JDNet: Vous êtes une pure dotcom avec de lourdes pertes, une rentabilité consolidée à l'horizon 2003 et un modèle basé au départ sur la publicité. L'introduction en Bourse en ce moment semble un pari difficile...
Marc-Antoine Dubanton. C'est vrai que le marché est assez excessif. Je n'ai pas compris il y a quatre mois pourquoi les valeurs Internet suscitaient autant de passions, et je ne comprend pas non plus pourquoi elles sont autant rejetées maintenant. On estime donc que l'offre aux particuliers ne sera pas vraiment bonne, puisque tout le monde recommande de rester à l'écart des dotcom.
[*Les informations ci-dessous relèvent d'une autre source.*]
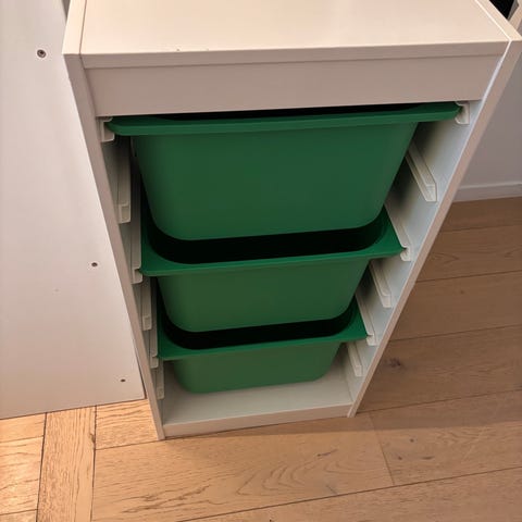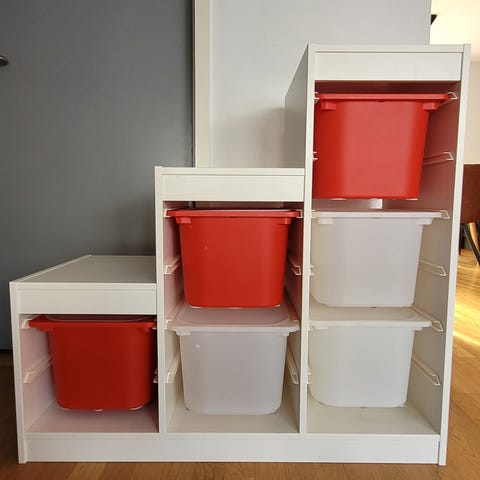 IKEA Trofast oppbevaringsstativ med kasser hvit rød

En revanche, le placement garanti, qui porte sur 90% des titres, semble bien marcher. Les investisseurs institutionnels nous font confiance et savent qu'à terme, notre projet est porteur. J'estime d'ailleurs qu'on aurait pu faire un placement privé, car les institutionnels sont encore friands d'Internet, quoiqu'on en dise. On ne se fait donc pas trop de souci même si le cours baisse les premiers jours, car dans six mois, les particuliers reviendront sur ce type de valeur. En revanche, un report d'introduction nous gênerait, mais plus pour des raisons morales que financières. On n'a en effet pas envie de recommencer le processus à zéro dans la mesure où c'est une épreuve épuisante (Sourire).

Mais la date du 19 juillet est-elle bien choisie alors que Wanadoo, qui s'introduit le même jour, va cristalliser l'attention ?
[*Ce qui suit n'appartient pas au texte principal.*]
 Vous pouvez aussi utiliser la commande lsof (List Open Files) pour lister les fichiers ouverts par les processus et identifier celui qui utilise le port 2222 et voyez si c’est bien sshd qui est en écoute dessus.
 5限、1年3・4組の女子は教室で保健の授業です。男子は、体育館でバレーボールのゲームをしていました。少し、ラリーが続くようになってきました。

Je ne pense pas que l'arrivée de Wanadoo perturbera notre opération. Les fonds institutionnels qui vont acheter du Aufeminin.com sont des fonds spécialisés dans les smallcaps. Ces investisseurs ne sont pas les mêmes que ceux de Wanadoo et le préjudice sera donc moindre.

Vous disiez que vous auriez pu réaliser un placement privé. Mais alors pourquoi aller en Bourse?
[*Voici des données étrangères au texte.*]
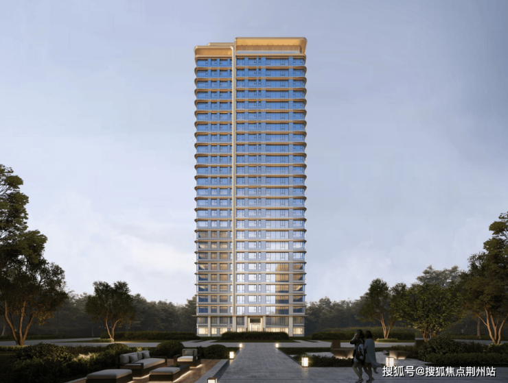 楼栋冠顶采用以玻璃、铝板与墙体结合为主的重檐设计,简约流畅,金色的装饰线条及飘板,质感满满,呈现珺石如玉的立面美学,高窗墙比配置打造高颜值立面,最大化满足业主在室内的观景效果。

Pour la visiblité. Cela crédibilise notre société auprès des différents acteurs avec lesquels nous négocions. Dior, qui fait de la publicité chez nous, ainsi que d'autres partenaires prestigieux ne veulent en effet pas s'engager auprès de n'importe qui. La Bourse est donc un élément majeur pour crédibiliser notre offre. Par ailleurs, nous prenons en même temps un peu d'avance puisqu'aucun site de ce type n'est coté en France.

Vous devriez quand même lever 20 millions d'euros. A quoi servira cette somme?
Principalement à des investissements marketing et publicitaires. Cette année, 69 millions de francs devraient être utilisés à ces fins. L'autre pan d'investissement sera l'international. On a ouvert des sites en Italie en mai et en Espagne en juin. Il s'agira donc de consolider l'activité. L' Allemagne, où nous pensons ouvrir un filiale, n'a en revanche pas été inclue dans le business-plan, ni en terme d'investissements ni en terme de revenus. Quant à l'Angleterre, on n'a pas vraiment l'intention d'y aller. Déjà, parce que cela coûte très cher en recrutement et en frais d'installation, et ensuite parce que le marché est saturé. Les sites américains, très développés, ont en effet un net avantage là-bas.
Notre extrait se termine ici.